Aluminum’s two big advantages are strength and low maintenance. We never worry about tying up to fishing boats or hitting small chunks of ice. Sandpaper takes care of scrapes. Aluminum is several times stronger than GRP and bends before it breaks. Steel is stronger and easier to weld but it rusts. We are happy with our choice.

ON: What are the most important skills you learned while voyaging?

J&JF: You have to learn to relax and be patient. When you want to leave the weather is seldom right. You have to operate at the pace of the country you are in or you will never get checked in. When you fix something it is never as fixed as you think. Shipments never come on time. When you are in a storm and there is nothing more you can do, you just hang on and ride it out.

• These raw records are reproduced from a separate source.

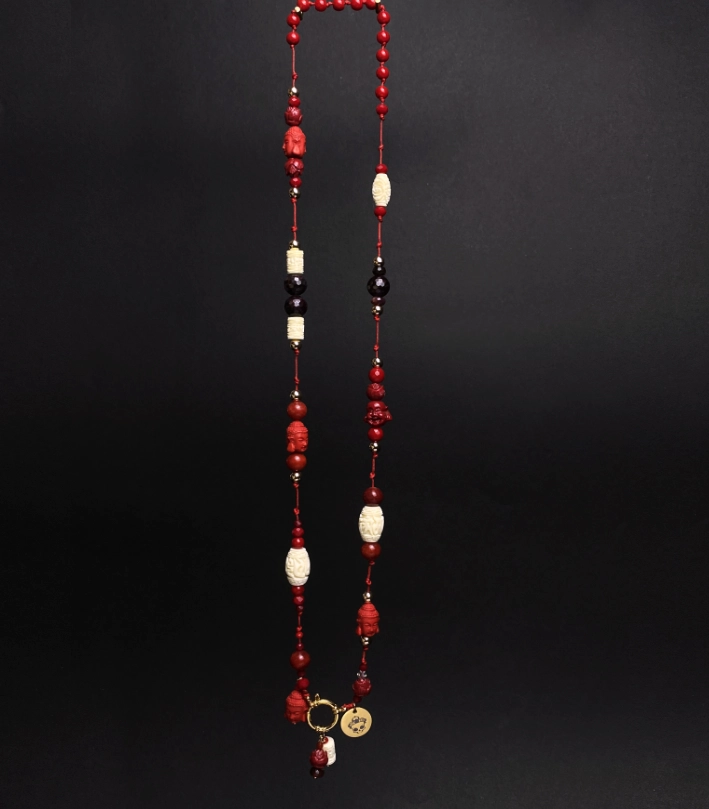 - Cuentas talladas en tonos marfil y flor de loto en rojo intenso.
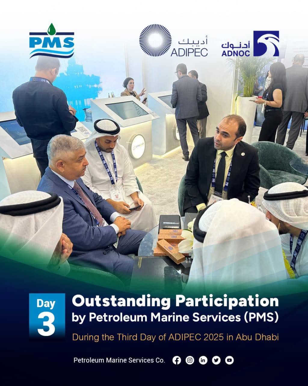 وفي إطار خطتها الاستراتيجية للتوسع الإقليمي وتعزيز تواجدها الدولي، عقدت PMS لقاءً موسعًا مع ممثلي شركة بترول أبوظبي الوطنية (أدنوك)، جرى خلاله بحث فرص التعاون والشراكات المستقبلية داخل دولة الإمارات، وذلك تماشيًا مع توجه الشركة لافتتاح فرع جديد لها في الدولة، بما يدعم توسعها في مشروعات الطاقة والبنية التحتية البحرية وتعزيز وجودها في الأسواق الخليجية.
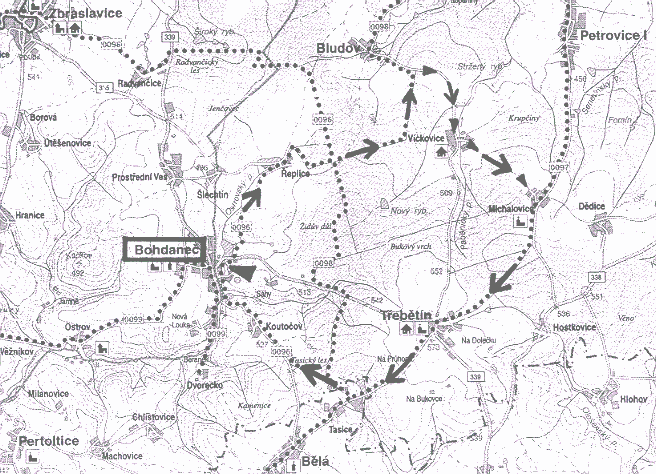 Cyklorasa 16 km: Od startu po vlastním značení kolem palírny po cyklotrase č.0096 přes Řeplice (1,5km) na křižovatku tras v lese (2,9km). Odtud rovně po trase č.0098 až na silnici. Tam doprava po vlastním značení do Vickovic (6,4km) a před kapličkou doleva po polní cestě do Michalovic, kde se dáme doprava mezi ploty, rovně kolem kostela (7,9km kontrola 7:30-13:30) a na silnici doprava. Zde již jedete po trase 0097 přes Třebětín (10,6km kontrola 7:45-14:00) do Tasic (12,4km). Odtud doprava na polní cestu po trase 0096 přes Kotoučov (14,2km) do cíle.

I believe you have to start with some mechanical aptitude and persistence. If you have Nigel Calder’s book and the maintenance manuals on board your mechanical ability will develop. Fixing things is the reality that no one tells you about.

ON: What are your future voyaging plans?

J&JF: We arrived in Ireland from Greenland last fall. This summer we will cruise Ireland and Scotland’s northern islands. Next summer we plan to head north to Svalbard and Norway. The following year we hope to see the Baltic before heading down the Atlantic coast and into the Med for a year. We are slowly making our way back to New Zealand. We love the country and plan to make it our base for exploring more of the South Pacific.